The theme is La Folia, which was not in fact composed by Arcangelo Corelli, but was used by him in 1700 as the basis for 23 variations in his Sonata for violin and continuo (violone or harpsichord) in D minor, Op. 5, No. 12. La Folia was popular as a basis for variations in Baroque music. Franz Liszt used the same theme in his Rhapsodie espagnole S. 254 (1863).

Rachmaninoff dedicated the work to his friend the violinist Fritz Kreisler. He wrote to another friend, the composer Nikolai Medtner, on 21 December 1931:
 I've played the Variations about fifteen times, but of these fifteen performances only one was good. The others were sloppy. I can't play my own compositions! And it's so boring!
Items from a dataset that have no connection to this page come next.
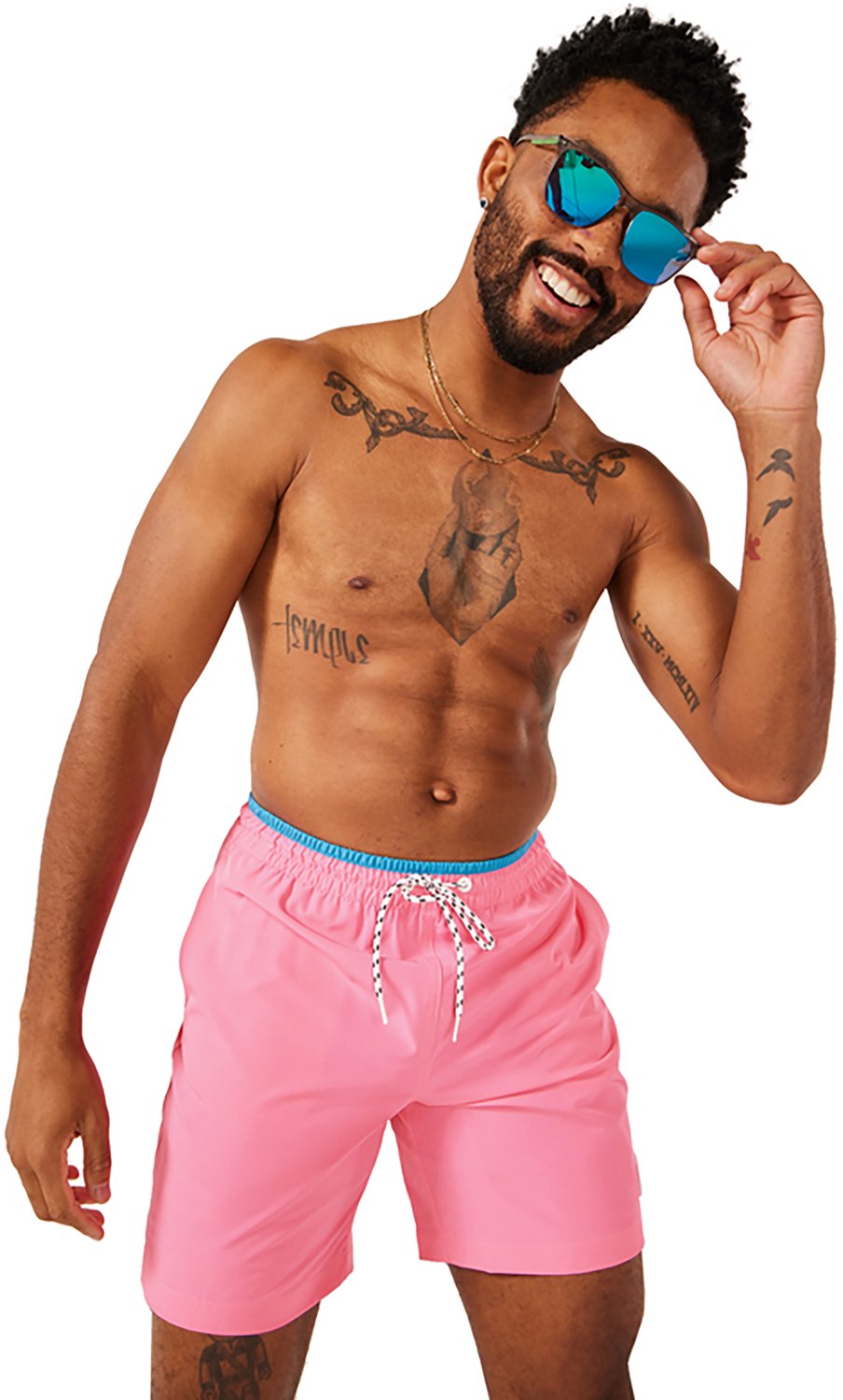 Bring style and comfort to the water with these Chubbies Men's The Avalons Classic Swim Trunks 7 in. They are made of 92% polyester and 8% spandex for durability and a flexible fit, and the trunks have a quick-drying shell so you can go indoors without making a puddle.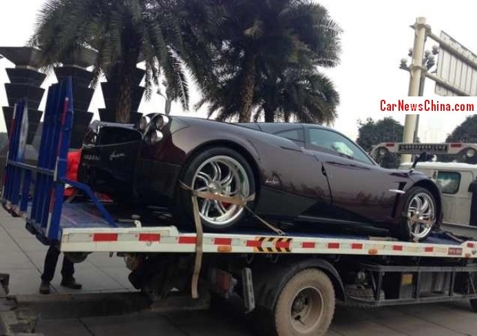 The very first Pagani Huayra has arrived in China. The purple super car was Spotted in China in front of a hotel in the great city of Chongqing. The Pagani reportedly belongs to the owner of the hotel who also has a speedy Ferrari F12berlinetta wrapped in matte gold.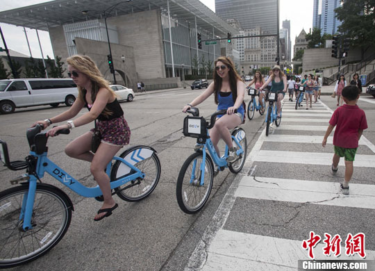 Divvy是芝加哥的一个新自行车共享系统。中新社发 林戈 摄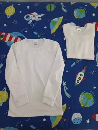 Conjunto de dos camisetas térmicas de manga larga en color blanco. - 2 camisetas de manga larga. - Ysabel Mora. - Talla 10.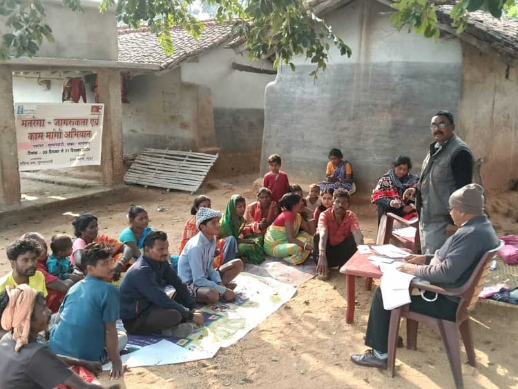 मारगोमुंडा. प्रखंड क्षेत्र की सुग्गा पहाड़ी पंचायत के विभिन्न गांवों में सोमवार को मनरेगा में काम मांगों अभियान के तहत बैठक का आयोजन किया गया. बैठक में अजीम प्रेमजी फाउंडेशन व स्वयं सेवी संस्था प्रेरणा भारती के संभवा परियोजना के तहत ग्रामीणों को मनरेगा के संबंध में विस्तार जानकारी दी गयी. बैठक में नये जॉब कार्ड के साथ मनरेगा में काम मांगने के लिए फॉर्म भरवाया गया. कार्यक्रम समन्वयक अरुण कुमार निर्झर ने बताया कि 9 से 31 दिसंबर तक सुग्गा पहाड़ी के सभी नौ गांव में यह अभियान चलाया जा रहा है. ग्रामीणों के लिए नयी जॉब कार्ड बनवाये जायेंगे. मौके पर सहिया सुधा किस्कू, देबू मरांडी, कॉर्नेलियस मुर्मू, अनुपमा मरांडी आदि मौजूद थे.

Not once have I played these all in continuity. I was guided by the coughing of the audience. Whenever the coughing would increase, I would skip the next variation. Whenever there was no coughing, I would play them in proper order. In one concert, I don't remember where - some small town - the coughing was so violent that I played only ten variations (out of 20). My best record was set in New York, where I played 18 variations. However, I hope that you will play all of them, and won't "cough".
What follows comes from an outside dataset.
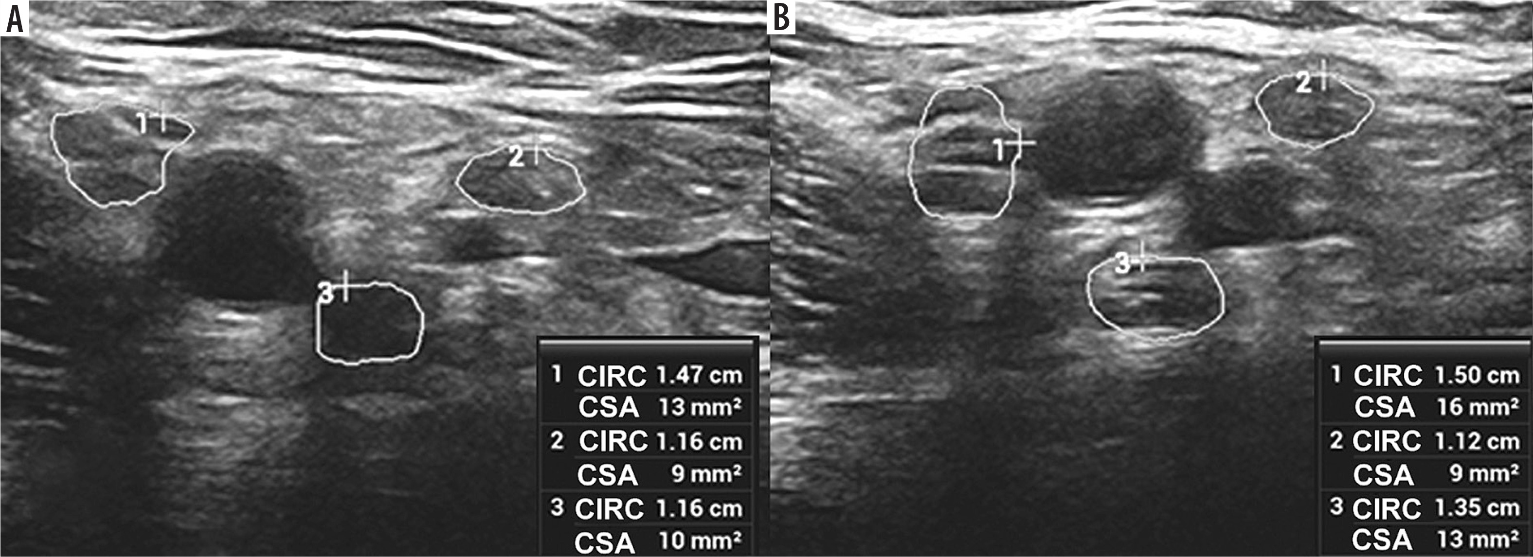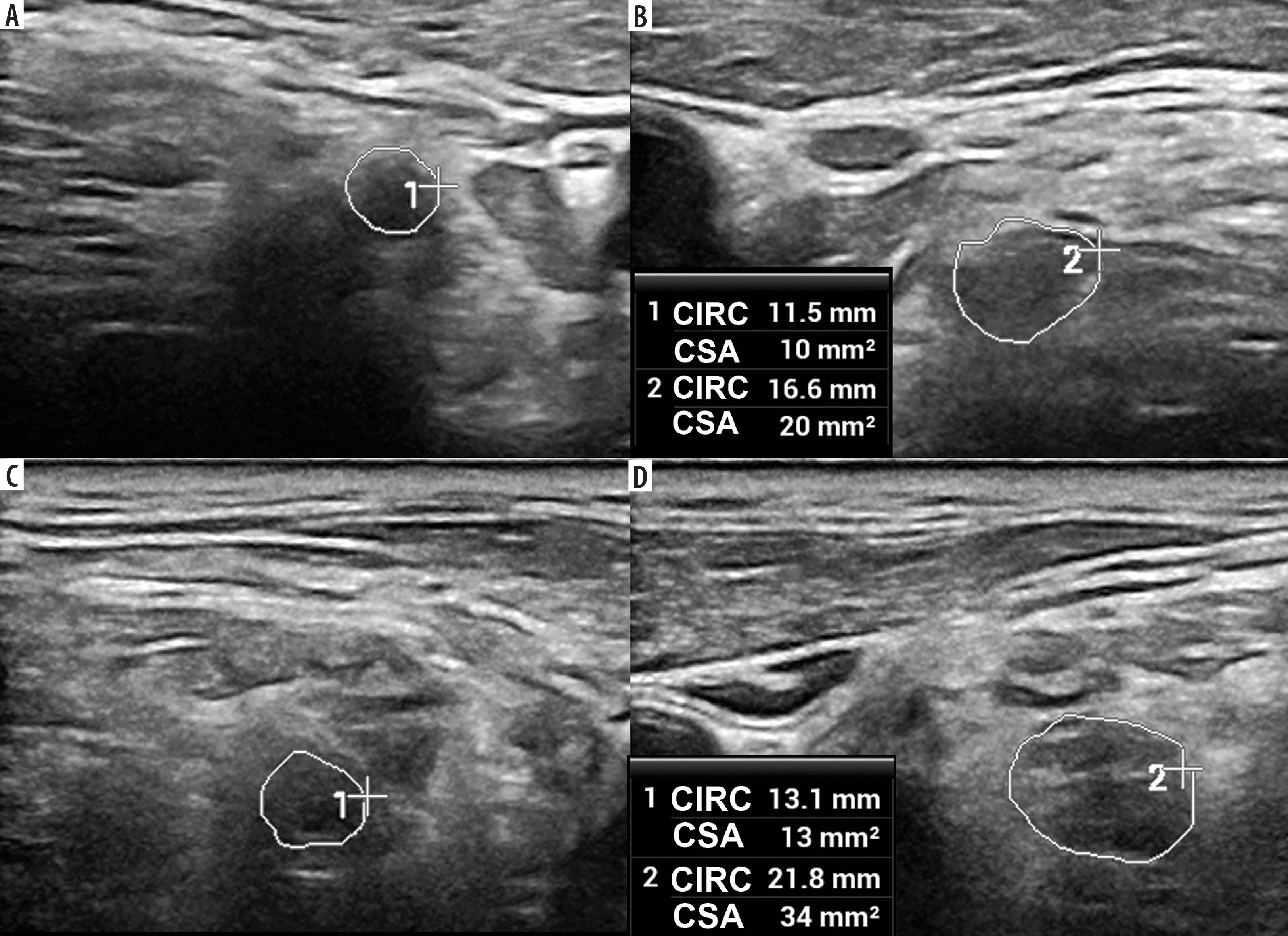 High-resolution ultrasound image of the C5 (A, B) and C6 (C, D) roots with cross sectional area (CSA) measurements in 57-year-old patient with Parsonage-Turner syndrome. Root swelling, reflected by increased CSA and circumference (CIRC) detected on the symptomatic side. Images obtained by author with a 5-20 MHz linear probe of the Mindray Resona I9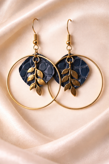 Blue Leaf Hoop Oorbellen

Rachmaninoff recorded many of his own works, but this piece wasn't one of them.

==Structure==
The Theme is followed by 20 variations, an Intermezzo between variations 13 and 14, and a Coda to finish. All variations are in D minor except where noted.

- Theme. Andante
- Variation 1. Poco piu mosso
- Variation 2. L'istesso tempo
- Variation 3. Tempo di Minuetto
- Variation 4. Andante
- Variation 5. Allegro (ma non tanto)
- Variation 6. L'istesso tempo
- Variation 7. Vivace
- Variation 8. Adagio misterioso
- Variation 9. Un poco piu mosso
- Variation 10. Allegro scherzando
- Variation 11. Allegro vivace
- Variation 12. L'istesso tempo
- Variation 13. Agitato
- Intermezzo
- Variation 14. Andante (come prima) (D♭ major)
- Variation 15. L'istesso tempo (D♭ major)
- Variation 16. Allegro vivace
- Variation 17. Meno mosso
- Variation 18. Allegro con brio
- Variation 19. Piu mosso. Agitato
- Variation 20. Piu mosso
- Coda. Andante
Rachmaninoff noted in the score that variations 11, 12, and 19 could be omitted at the performer’s discretion.